In an industry that has already lost 100,000 workers through the course of the pandemic, in large part due to low pay, forcing wages to stay stagnant or become even lower would be disastrous for the labor force. Bureau of Labor Statistics data shows that child care workers make a median wage of just $13.22 an hour, or $27,490 a year — not even enough for a worker to afford their own service, with child care costing about $16,000 a year on average across the country as of 2021.

On the other hand, the report cites findings from HHS that the stimulus funding has helped families of at least 700,000 children access lower health care costs. Ohio used the funding to implement provisions like free child care for eligible families, while Montana capped copayments to $10 a month for certain families. In West Virginia, administrators were able to expand child care subsidies for “essential” workers during the pandemic. And, in North Carolina and Michigan, the funding paved the way for an increase in child care subsidies for lower-income families.

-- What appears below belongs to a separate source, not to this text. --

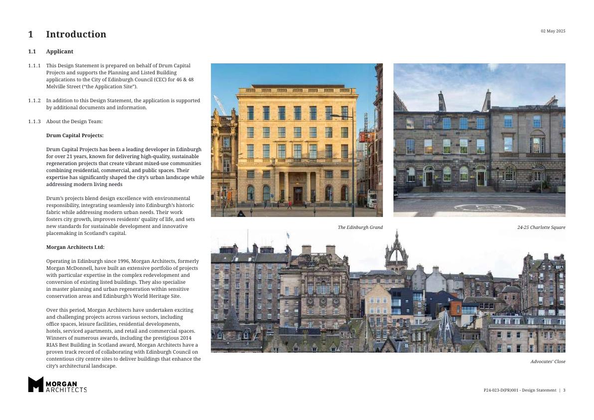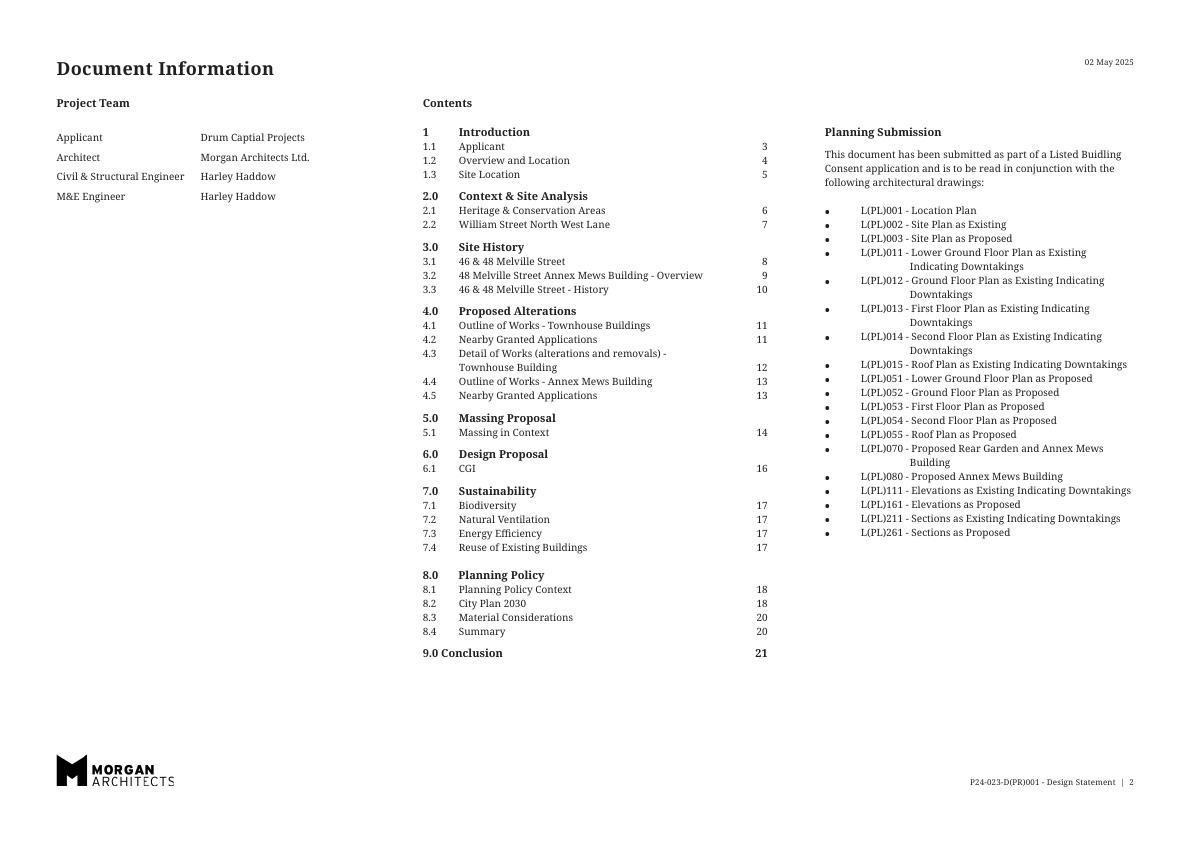 Conversion of existing office spaces at 46 and 48 Melville Street back into residential use, subdividing No. 46 into three distinct residential units with No. 48 reinstated as a single townhouse. Additionally, the construction of a new annexe mews building to rear of No. 48, accommodating a garage at ground level with living quarters above.

Congress must authorize permanent investments in child care to begin to heal a system “that is hanging on by a thread,” the report read.

Sanders pointed out that the cost of child care is “outrageously high” in a HELP hearing on the subject on Wednesday, citing surveys that have found that roughly 40 percent of parents report being unable to afford child care and going into debt in order to obtain it.

“In other words, you want to have a child in America and you’re working class? Well, we’re going to make you pay for that. You’re going to go deeply in debt. Thank you for having a child. Not exactly what I think we should be doing as a nation,” the senator said.

“If Congress does nothing, this funding will expire on September 30th of this year, making a very bad situation worse. We cannot allow that to happen. We need to renew that vital funding,” he said.

But, Sanders added, “That is not all we need to do. We need a vision — for all those with the family values — we need a vision for the future which understands that every family in America has the right to high quality, affordable child care, that child care workers deserve decent pay for the important work they do, and we must expand the number of child care programs available so anybody in America can get the quality child care they need.”